The Bank of Japan building in Tokyo. By Wiiii (Own work) [GFDL ( or CC BY-SA 3.0 (], via Wikimedia Commons.
The Bank of Japan building in Tokyo. By Wiiii (Own work) [GFDL ( or CC BY-SA 3.0 (], via Wikimedia Commons.

Kevin Carmichael has already commented on the Bank of Japan’s (BoJ) announcement today that it is joining the European Central Bank (ECB), the Swiss National Bank and the central banks of Denmark and Sweden in charging a negative interest rate on commercial bank reserves. (The BoJ will not apply the negative rate on all reserves, just new deposits.) Martin Sandbu has an interesting perspective on the BoJ’s decision here. With Japan added to their ranks, countries with negative rates now account for nearly a quarter of the global economy. What is going on here?

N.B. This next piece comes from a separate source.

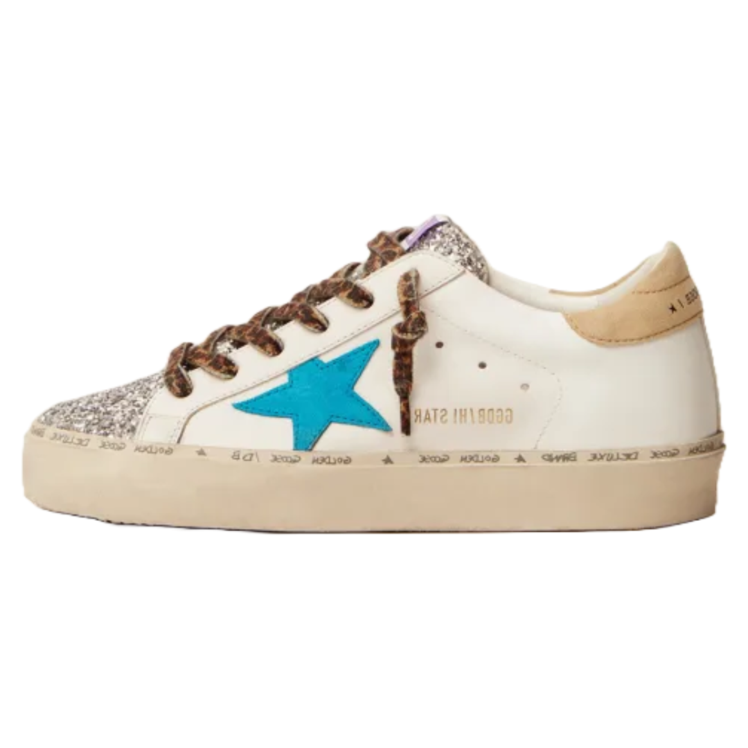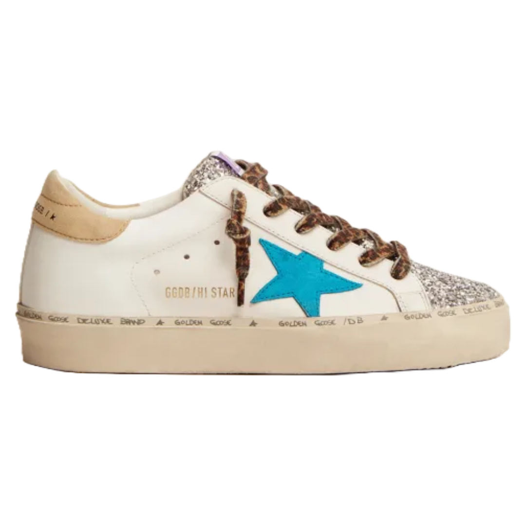 Golden Goose Hi Star LTD sneakers with silver glitter tongue and cyan-blue suede star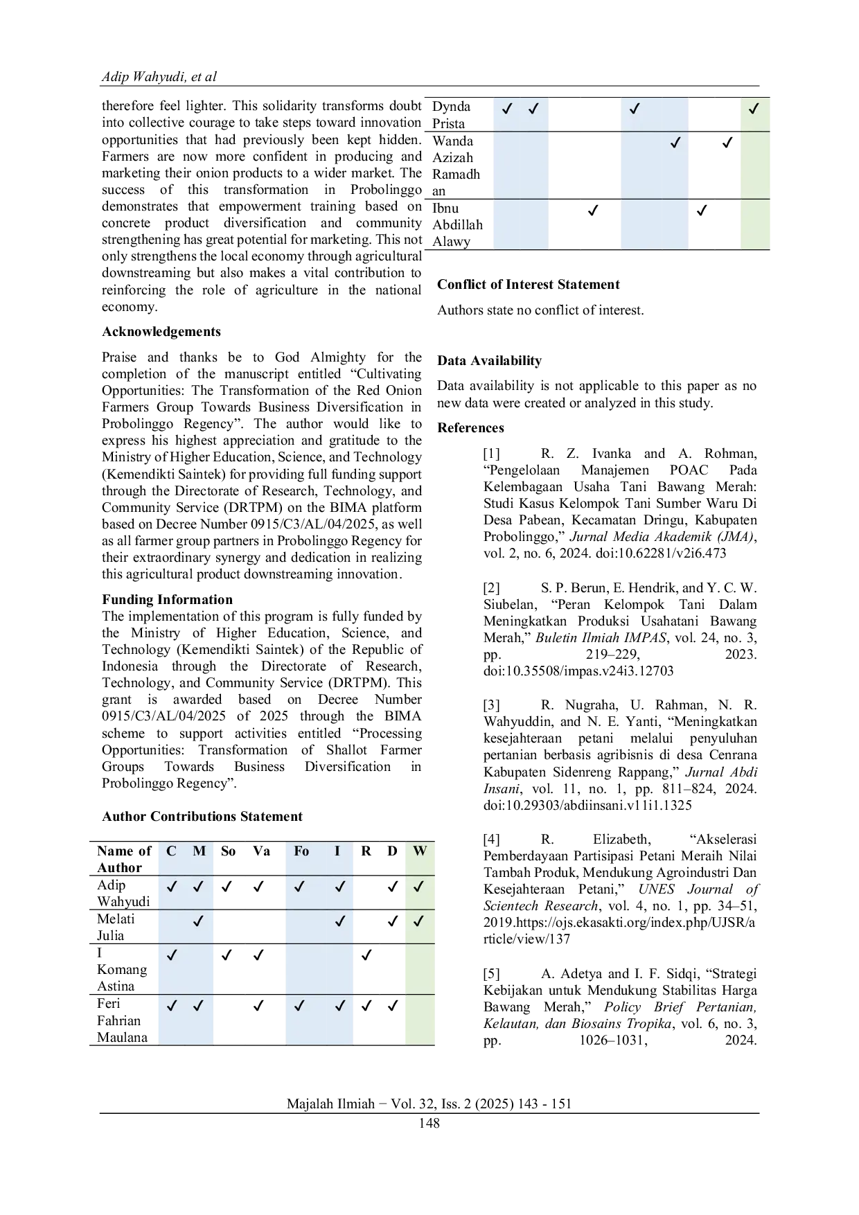 The training program for shallot farmers in Probolinggo Regency has proven to be an effective strategy for improving farmer welfare.The program focused on transferring post-harvest processing technology into high-value products like fried shallots, onion powder, and shallot oil, addressing the farmers vulnerability to fluctuating market prices of raw bulbs.Solidarity within the farmer groups fostered a safe environment for innovation and risk-taking, enabling them to explore new market opportunities.Ultimately, this initiative strengthens the local economy and reinforces the role of agriculture in national development.

Avid readers of Paul Krugman’s blog know that a conceivable answer is the possibility that full-employment levels of savings and investment may only balance at negative real interest rates. This is illustrated in the diagram below, which represents the intersection of an upward sloping savings function S(YF,r) showing how full employment level of savings respond to the real interest rate, r, and a downward sloping investment function, I(r). There isn’t a lot of theory here. In fact, the savings and investment schedules depicted are decidedly simple.[1] Nevertheless, they help illustrate a situation in which the real interest rate that “clears” the market for loanable funds is negative, at r0:

Now, prior to the crisis, Ben Bernanke (then chairman of the Federal Reserve Board) warned that the global economy was suffering from a “global savings glut.” In part, this glut might result from the “forced” savings of Chinese citizens reflected, say, in large current account surpluses and foreign exchange accumulation. Absent the savings glut, the argument goes, the savings function S(YF) would be positioned closer to the vertical axis, intersecting the investment function at a positive rate of interest. Alternatively, it might be argued that investment is too low owing, perhaps, to a lack of innovation. (Could Robert Gordon be right? Or, is this consistent with Larry Summers’ fears of secular stagnation?) With greater investment possibilities the investment schedule would be shifted to the right, resulting in an equilibrium with a higher, positive real interest rate.Some might scoff that this is far too simplistic an approach; that reality is more complicated. They may well be right. But the point is that the model—which Classical as well as Keynesian economists should agree on—doesn’t rule out the possibility, a priori.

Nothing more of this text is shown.